[Records from a dataset]

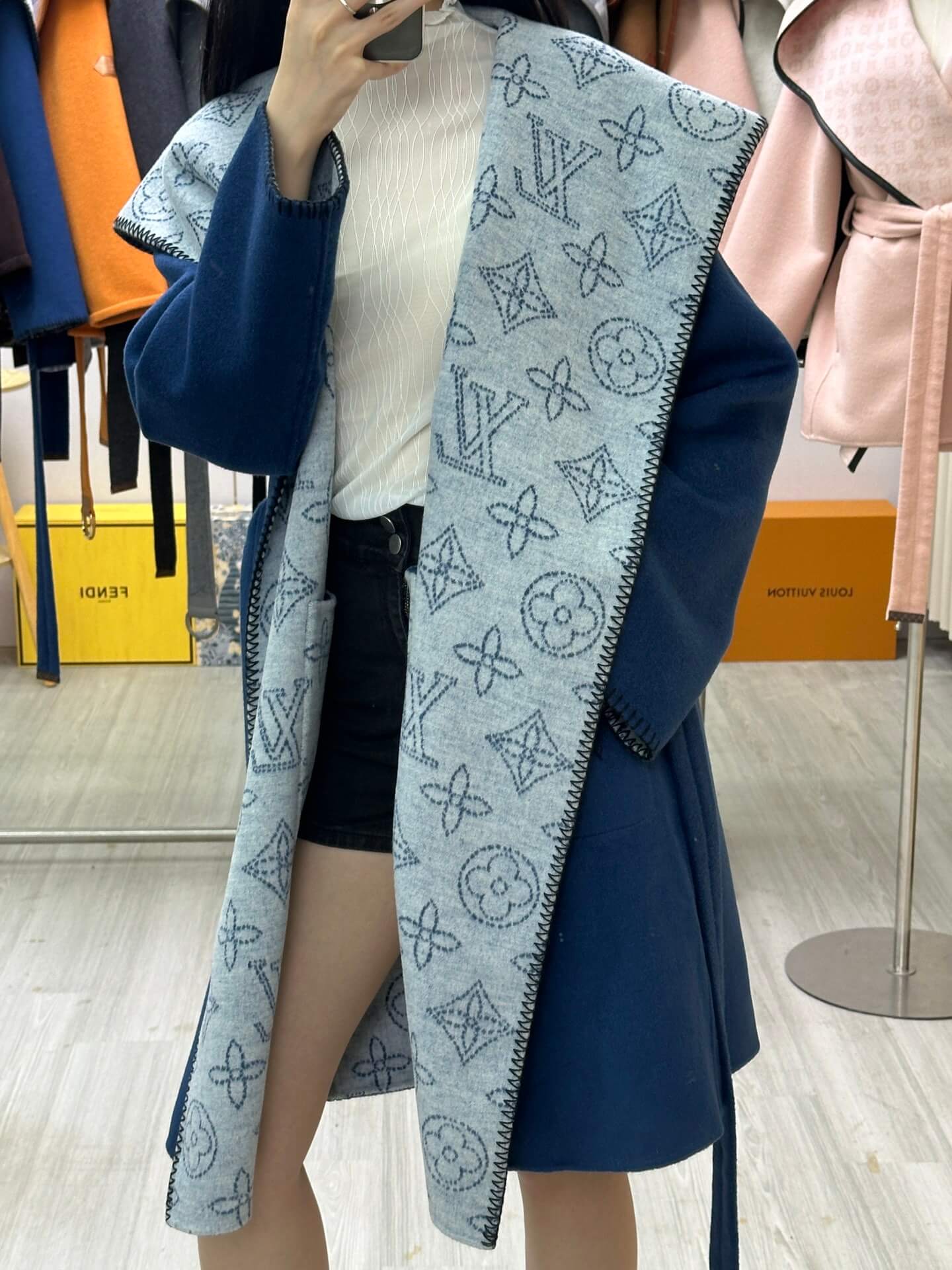 Drape yourself in pure luxury with the Louis Vuitton Reversible Monogram Hooded Wrap Coat. Crafted from an exquisite wool-cashmere blend, this coat is designed for effortless sophistication. The deep navy blue exterior exudes understated elegance, while the reversible monogram jacquard lining adds a touch of iconic LV heritage. A belted waist and oversized hood provide both warmth and a refined silhouette, making it the perfect statement piece for cool-weather layering.
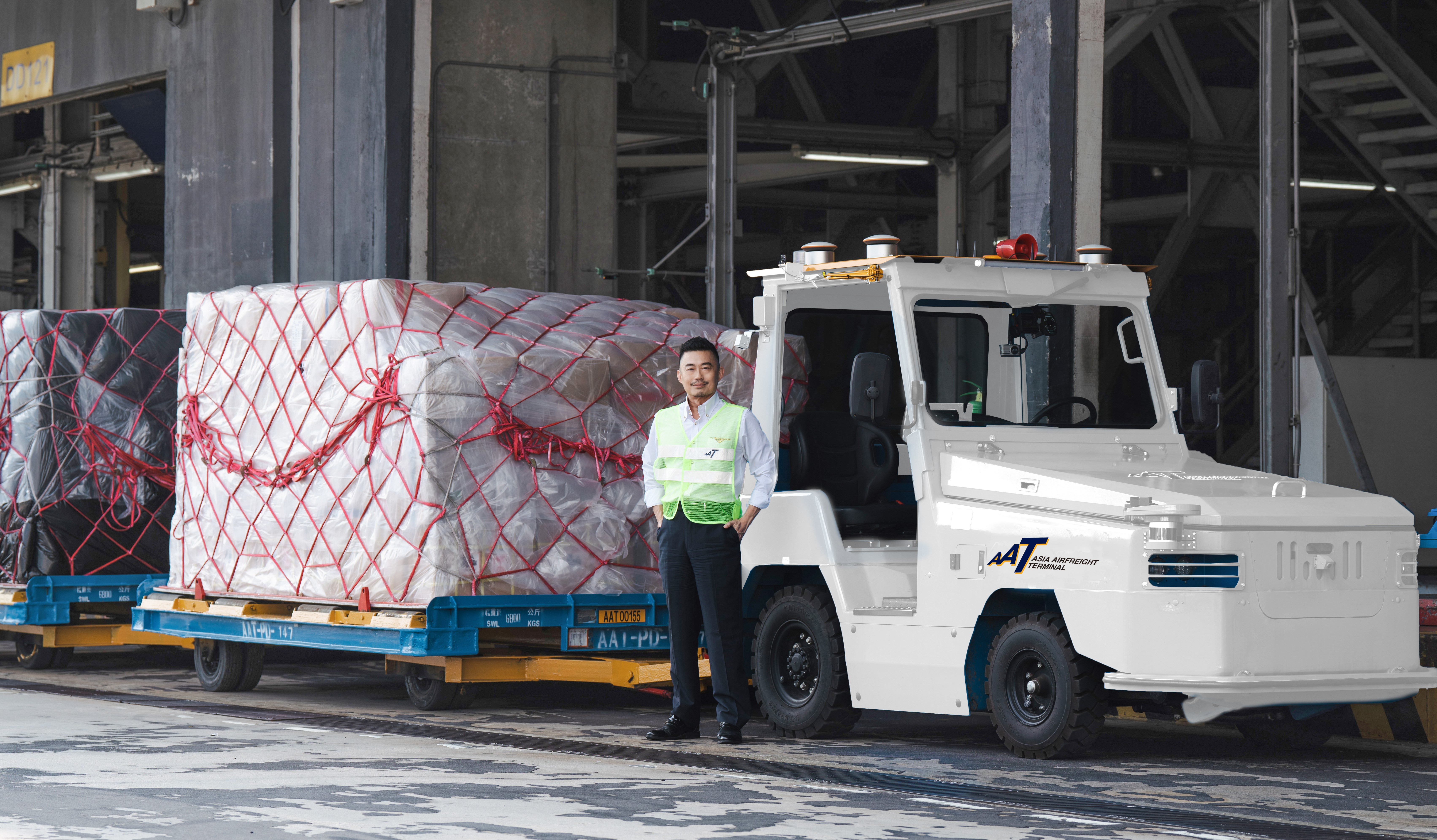 Mike Chew, CEO of Asia Airfreight Terminal, with the Autonomous Electric Tractor (AET), the pioneering initiative that secured the CILT Award 2025 for Service Excellence. The award will be presented at the CILTHK Gala Dinner on 7 November 2025.
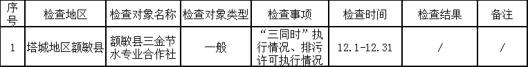 表1:塔城地區(qū)生態(tài)環(huán)境局額敏縣分局生態(tài)環(huán)境執(zhí)法“雙隨機、一公開”日常監(jiān)管事前信息公開表
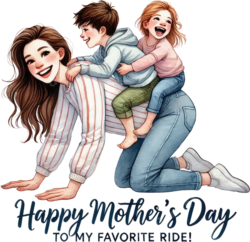Happy Mother's Day Piggyback Ride DTF Transfer - Mom's Favorite Ride Design
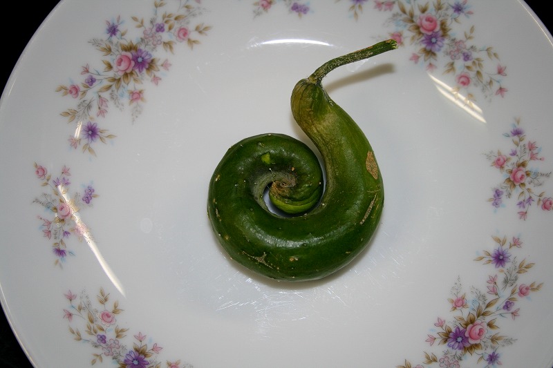7月23日に、成長したキュウリの先端から咲いた珍しい花を紹介しましたが 今度は、こんなキュウリが出来ました。 カタツムリのように見えます。 絶対に市場に出回らないですね!
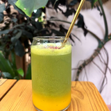 Matcha servi avec de l'eau gazeuse et une purée de fruit aux choix. Cliquez pour voir les propositions. Cliquez pour voir les options.
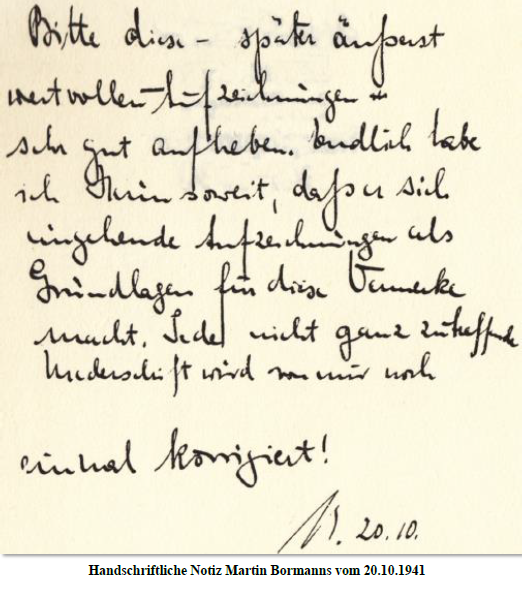 In jedem Menschen lebt das Ahnungsvermögen, was das Walten dessen angeht, das man Gott nennt, [hs. Zusatz Bormanns: Nämlich das Walten der Naturgesetze im gesamten Universum.] Dieses Ahnungsvermögen hat die Kirche sich dienstbar zu machen verstanden, indem sie den mit Strafe bedroht, der das nicht glauben will, was sie geglaubt wissen möchte.

▶ Task brief
From the records above, extract the lines from the one holding "今度は、こんなキュウリが出来ました。 カタツムリのように見えます。 絶対に市場に出回らないですね!" through the one holding "Matcha servi avec", word for word; omit the pictures.

▶ Answer space
7月23日に、成長したキュウリの先端から咲いた珍しい花を紹介しましたが 今度は、こんなキュウリが出来ました。 カタツムリのように見えます。 絶対に市場に出回らないですね!
 Matcha servi avec de l'eau gazeuse et une purée de fruit aux choix. Cliquez pour voir les propositions. Cliquez pour voir les options.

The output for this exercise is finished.